The latest servicemag start
2022-02-06 00:30:36 +08 Updated Executing "sstart_pd_64" as 1:15777
2022-02-06 00:30:36 +08 Updated servicemag start -wait -pdid 64
2022-02-06 00:30:36 +08 Updated ... servicing disks in mag: 3 0
2022-02-06 00:30:36 +08 Updated ... normal disks:
2022-02-06 00:30:36 +08 Updated ... not normal disks: WWN [5000C5007F6EFABC] Id [64] diskpos [0]
2022-02-06 00:30:36 +08 Updated ... relocating chunklets to spare space...

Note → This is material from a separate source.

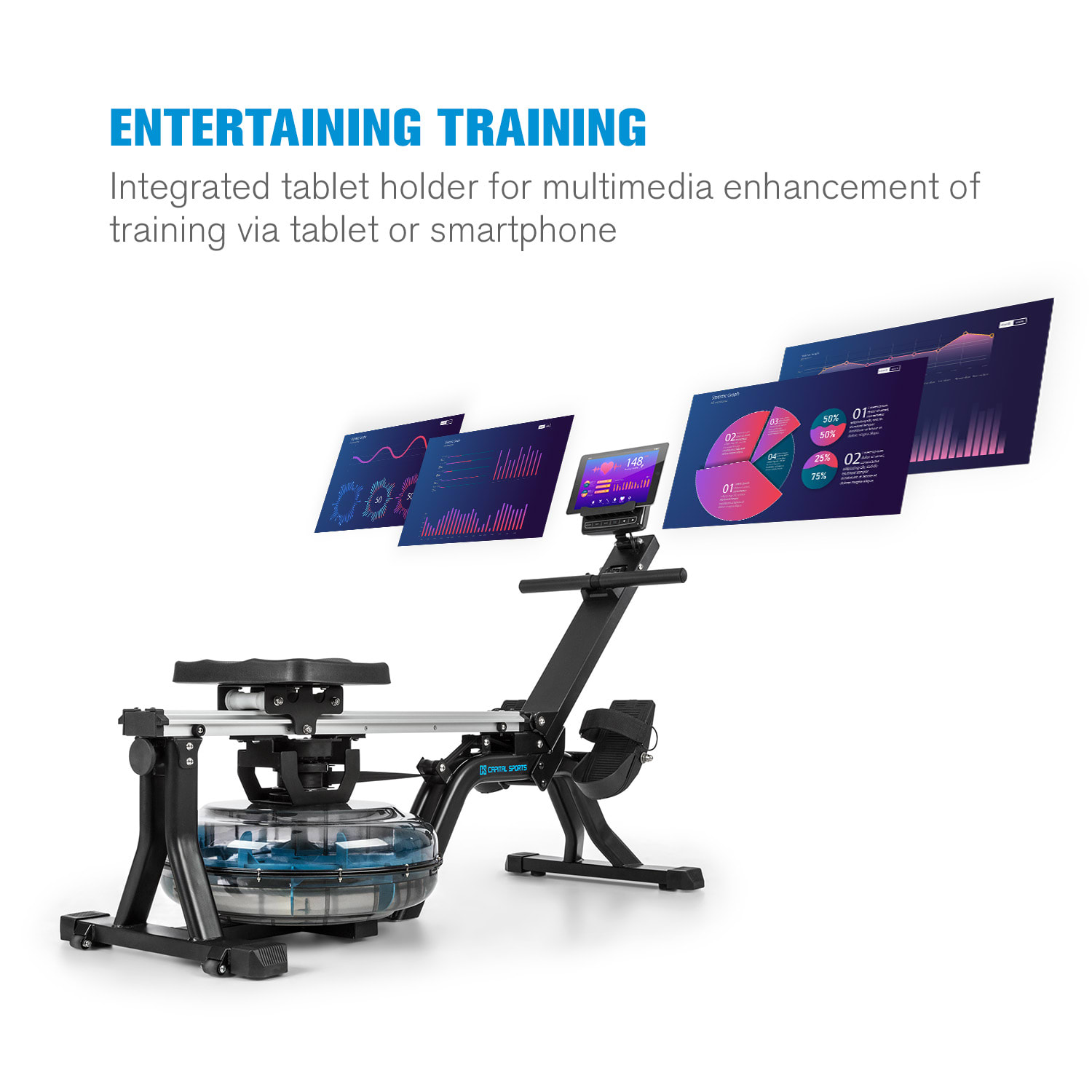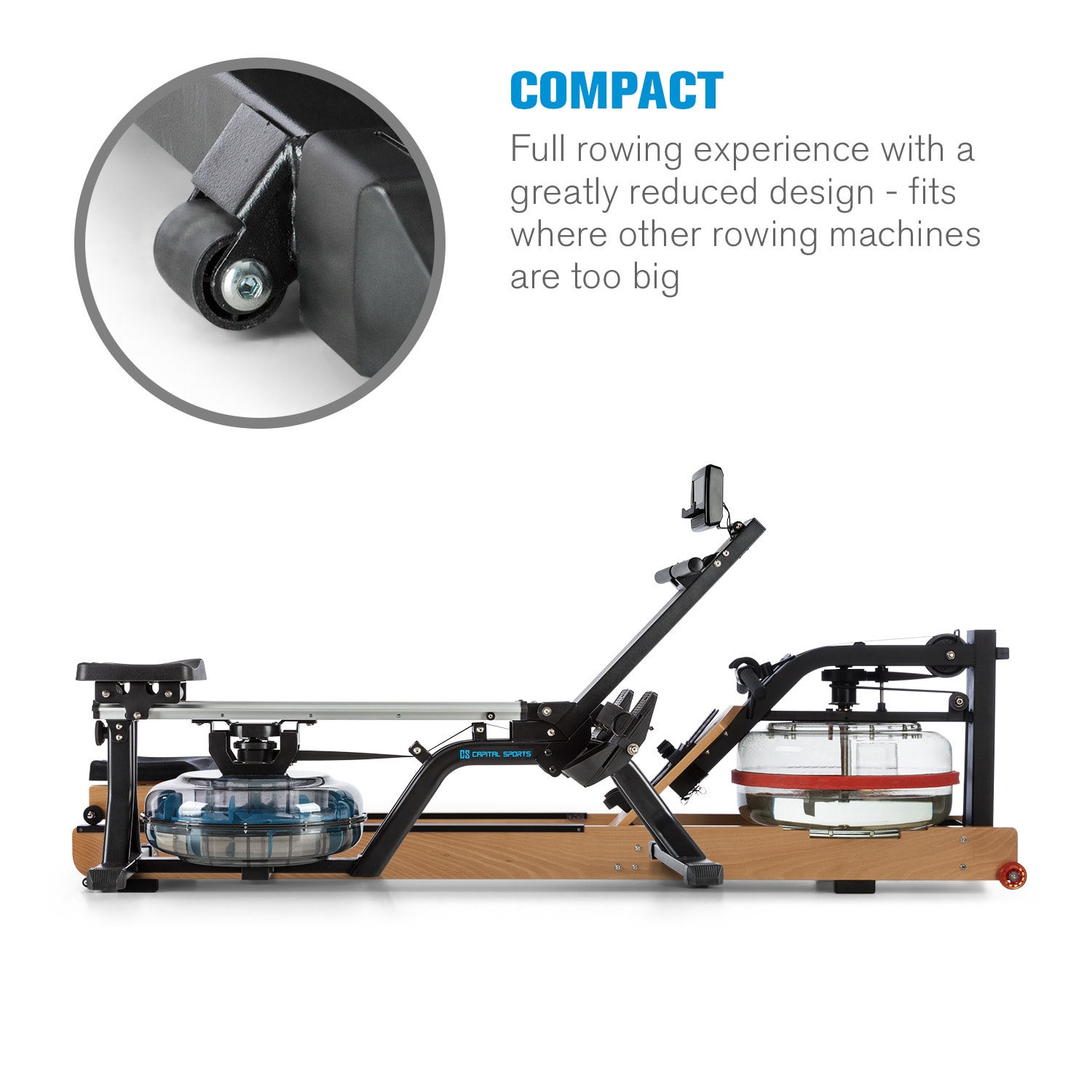 Capital Sports Flow M1, vodný veslovací trenažér, priestorovo úsporný, tréningový počítač, do 150 kg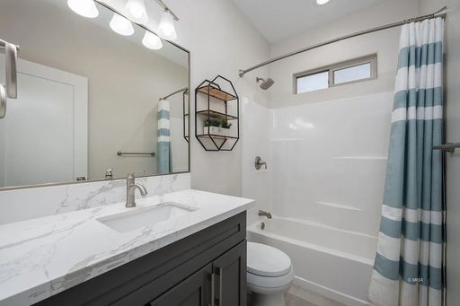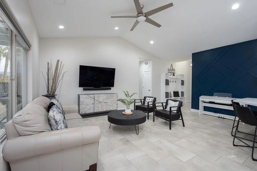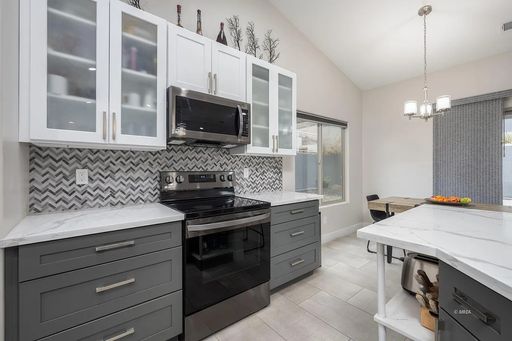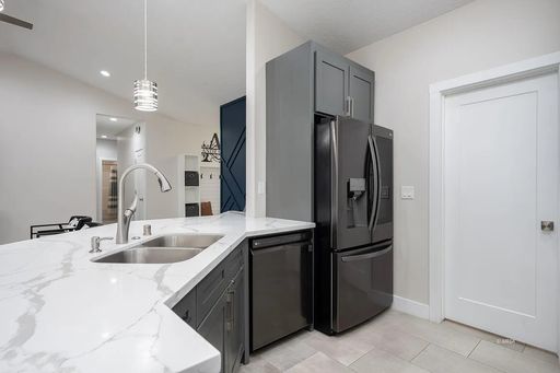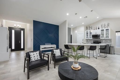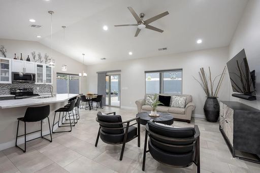Inside, you’ll find a bright open-concept layout with vaulted ceilings and modern finishes throughout. The kitchen features quartz countertops, stainless steel LG appliances, a touchless Kohler faucet, and stylish pendant lighting. The main living areas have beautiful plank tile flooring, with carpet only in the bedrooms.

2022-02-06 00:30:47 +08 Updated ... bypassing mag 3 0
2022-02-06 00:31:27 +08 Updated ... bypassed mag 3 0
2022-02-06 00:31:27 +08 Updated servicemag start -wait -pdid 64 -- Succeeded
2022-02-06 00:31:27 +08 Completed scheduled task.
I noticed that the replacement disk is a candidate for checking for 10 consecutive times then the system will mark it as Failed.
Has anyone experienced this same issue? Is there a way to not make the disk on the specific slot not to be slow?